======== Data supplied
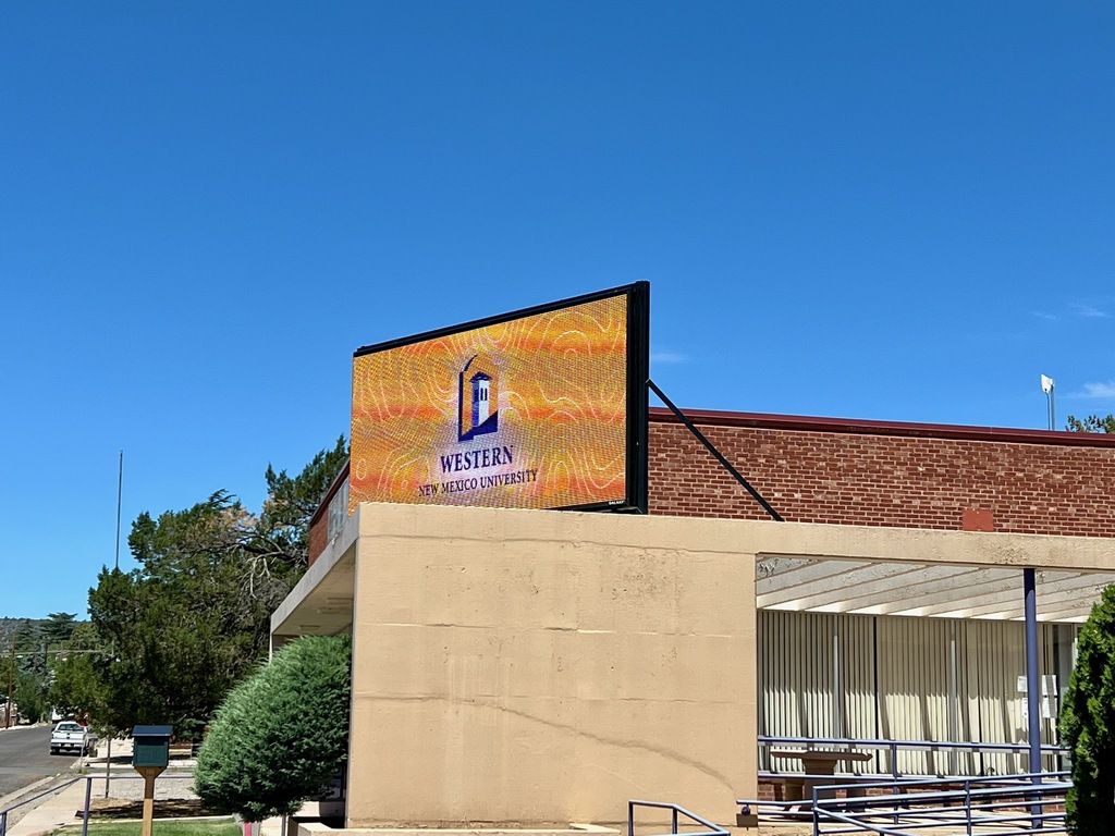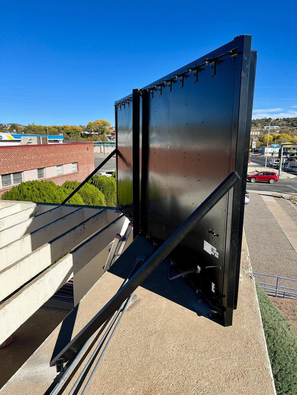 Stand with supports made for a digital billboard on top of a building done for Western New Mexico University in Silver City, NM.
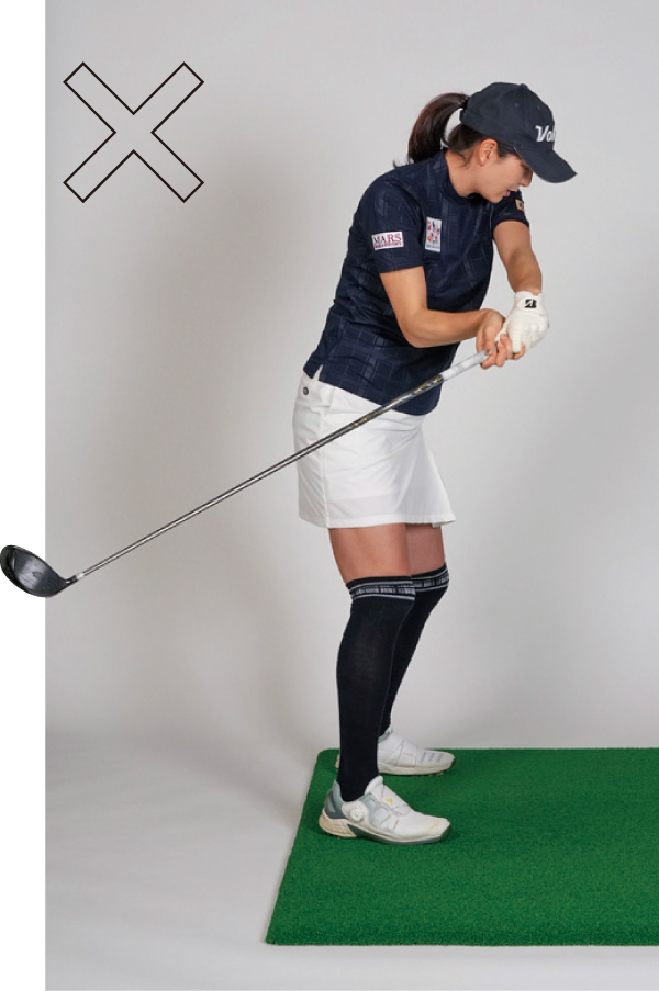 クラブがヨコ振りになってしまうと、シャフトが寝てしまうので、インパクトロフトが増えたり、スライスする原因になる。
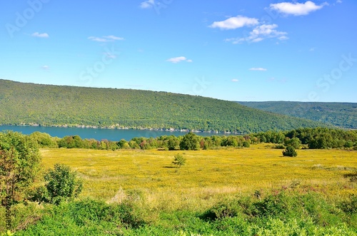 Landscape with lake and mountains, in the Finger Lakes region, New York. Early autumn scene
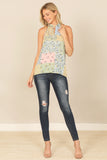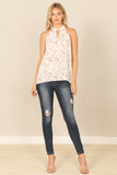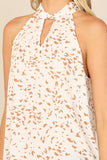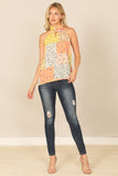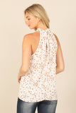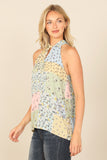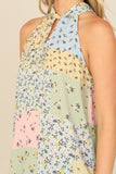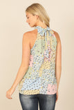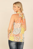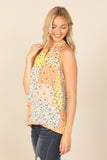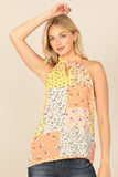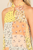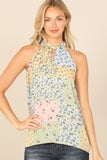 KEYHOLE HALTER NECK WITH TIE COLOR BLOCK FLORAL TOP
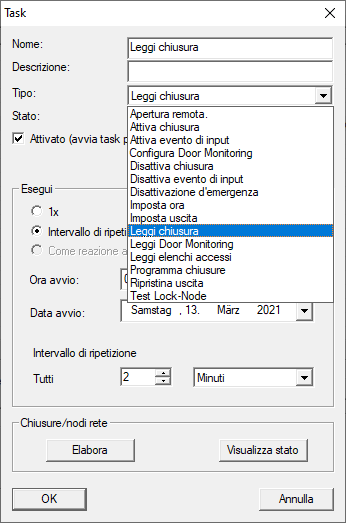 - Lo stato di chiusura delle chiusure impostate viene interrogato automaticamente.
================
### Task statement
The records above must be printed exactly, but the pictures they hold should be omitted.

### Response
 Stand with supports made for a digital billboard on top of a building done for Western New Mexico University in Silver City, NM.
 クラブがヨコ振りになってしまうと、シャフトが寝てしまうので、インパクトロフトが増えたり、スライスする原因になる。
 Landscape with lake and mountains, in the Finger Lakes region, New York. Early autumn scene
 KEYHOLE HALTER NECK WITH TIE COLOR BLOCK FLORAL TOP
 - Lo stato di chiusura delle chiusure impostate viene interrogato automaticamente.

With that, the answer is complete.